Note: Materi ini merupakan materi supplemental, tidak bersifat wajib. Namun akan mendukung kalian menjadi seorang AI engineer yang handal.

Direction of a vector

Vector consists of two components: direction and magnitude. For the direction of a vector, we basically “remove” the magnitude of the vector and keep only the direction. That’s why the formula as simple as below:

\[ \text{Direction of vector } x = \frac{x}{\|x\|} \]

So the direction of a vector is a vector that reduced to only have a “direction” component where the magnitude of the vector is 1. The vector that have the magnitude of 1 is called a unit vector.

Moving in the direction of a vector

We can move an x vector several “steps” in the direction of y by using the formula below:

\[ \text{Move } x \text{ in the direction of } y = x + k \frac{y}{\|y\|} \]

Where k is the number of steps we want to move in the direction of y.

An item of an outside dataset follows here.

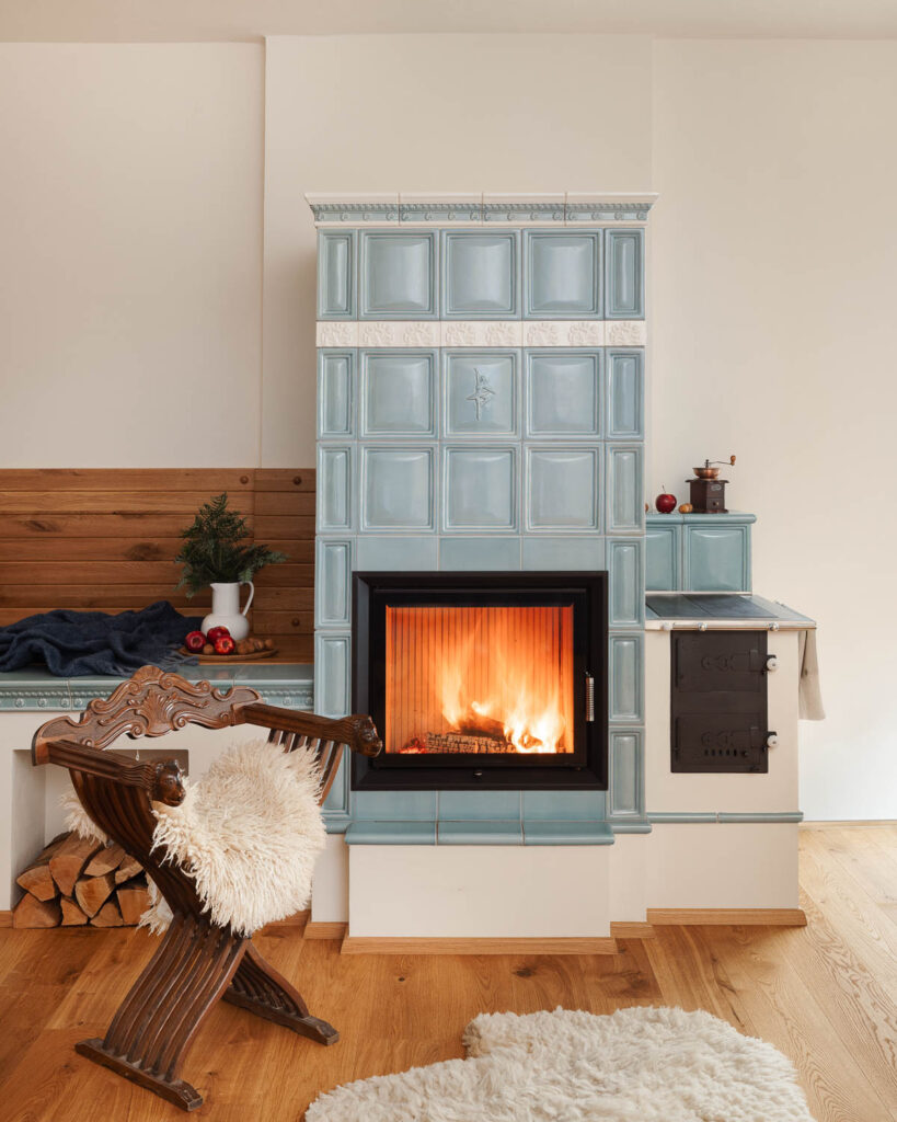 Rodná sestra ikonické Modřenky, multifunkční kachlová kamna, vznikla při renovaci domu na místě původního krbu. Unikátní prostor si sám řekl o výjimečné dílo! Krásný velký oheň, vaření, pečení, ale také velkorysé ležení pro odpočinek po náročném dni.
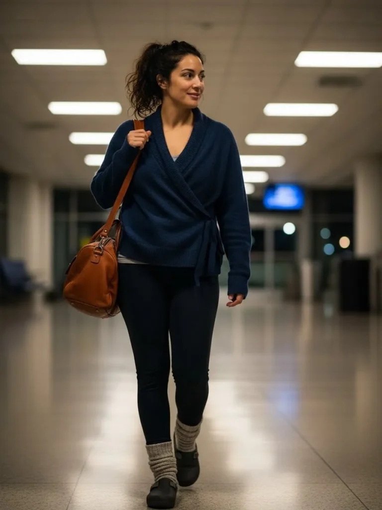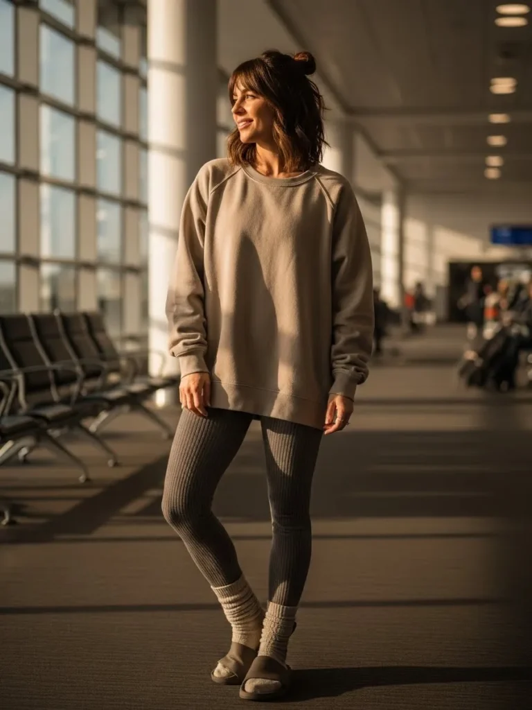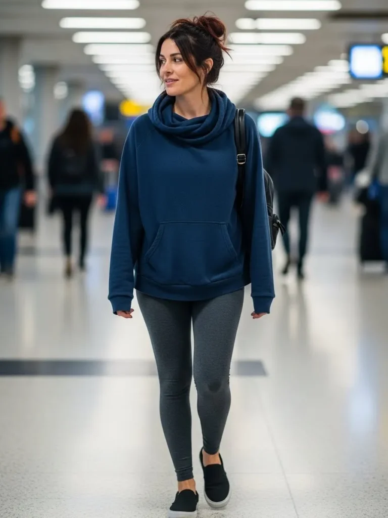 This comfy look features a slouchy navy pullover with a wide cozy neckline paired with charcoal gray leggings. The black slip on shoes keep things simple and the whole outfit feels lightweight but warm enough for a chilly terminal. It is the kind of look that makes moving through the airport feel effortless.

import matplotlib.pyplot as plt
import numpy as np

# Original vector
original_vector = np.array([2, 3])

# Direction vector
direction_vector = np.array([4, 2])

# Normalizing the direction vector
normalized_direction_vector = direction_vector / np.linalg.norm(direction_vector)

# Moving the original vector 2 units in the direction of the direction vector
new_vector = original_vector + 2 * normalized_direction_vector
new_vector


# Creating the plot
fig, ax = plt.subplots()

# Original vector
ax.quiver(0, 0, original_vector[0], original_vector[1], angles='xy', scale_units='xy', scale=1, color='blue', label='Original Vector (2,3)')

ax.quiver(0, 0, direction_vector[0], direction_vector[1], angles='xy', scale_units='xy', scale=1, color='cyan', label='Vector that we get the direction from (4,2)')

ax.quiver(original_vector[0], original_vector[1], normalized_direction_vector[0] * 2, normalized_direction_vector[1] *2, angles='xy', scale_units='xy', scale=1, color='violet', 
label='Direction from original vector to new vector')

# New vector
ax.quiver(0, 0, new_vector[0], new_vector[1], angles='xy', scale_units='xy', scale=1, color='green', label='New Vector (~3.79, ~3.89)')

# Setting the limits
ax.set_xlim([0, 10])
ax.set_ylim([0, 10])

# Adding labels and title
ax.set_xlabel('X-axis')
ax.set_ylabel('Y-axis')
ax.set_title('Vector Transformation')
ax.legend()

# Display the plot
plt.grid(True)
plt.show()

Play around with above formula by changing the value of k and see how the vector x move in the direction of y.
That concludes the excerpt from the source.